Thomaston is a city in and the county seat of Upson County, Georgia, United States. The population was 9,170 at the 2010 census. It is the principal city of and is included in the Thomaston, Georgia Micropolitan Statistical Area, which is included in the Atlanta - Sandy Springs (GA) - Gainesville (GA) - Alabama (partial) Combined Statistical Area.

History
  Thomaston was incorporated on January 1, 1825, and designated as the seat of Upson County. The town was named for General Jett Thomas, an Indian fighter in the War of 1812.

Geography

Thomaston is located near the center of Upson County at 32.90 N, -84.333333 W (32° 54′ 0″ N, 84° 20′ 0″ W). The city is located in the west central Piedmont region of the state.

U.S. Route 19 is the main north-south route through the city, leading north 16 mi (26 km) to Zebulon and south 28 mi (45 km) to Butler. Georgia State Routes 36 and 74 are the main east-west routes through the city. GA-36 leads northeast 17 mi (27 km) to Barnesville and southwest 18 mi (29 km) to Woodland. GA-74 leads east 12 mi (19 km) to Yatesville and northwest 19 mi (31 km) to Woodbury.

Demographics

2020 census

As of the 2020 United States census, there were 9,816 people, 3,333 households, and 1,779 families residing in the city.

2000 census
As of the census of 2000, there were 9,411 people, 3,862 households, and 2,386 families residing in the city. The population density was . There were 4,152 housing units at an average density of . The racial makeup of the city was 62.75% White, 35.30% African American, 0.28% Native American, 0.61% Asian, 0.01% Pacific Islander, 0.53% from other races, and 0.53% from two or more races. Hispanic or Latino of any race were 1.77% of the population.

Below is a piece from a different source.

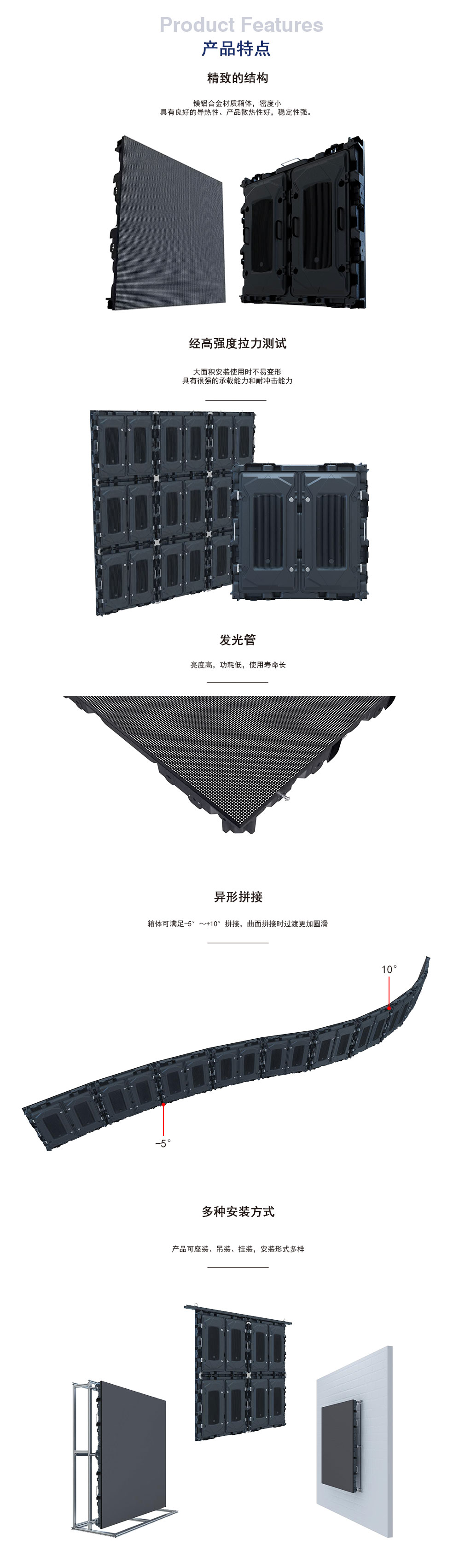 1.標準化設計,箱體為鎂鋁合金壓鑄成形,經高精度CNC二次加工,精度可達0. 2mm,整屏拼裝精度及平面度高;

There were 3,862 households, out of which 28.2% had children under the age of 18 living with them, 37.0% were married couples living together, 21.4% had a female householder with no husband present, and 38.2% were non-families. 35.2% of all households were made up of individuals, and 17.8% had someone living alone who was 65 years of age or older. The average household size was 2.33 and the average family size was 3.00.

In the city, the population was spread out, with 25.3% under the age of 18, 8.4% from 18 to 24, 25.9% from 25 to 44, 19.8% from 45 to 64, and 20.6% who were 65 years of age or older. The median age was 38 years. For every 100 females, there were 77.4 males. For every 100 females age 18 and over, there were 71.3 males.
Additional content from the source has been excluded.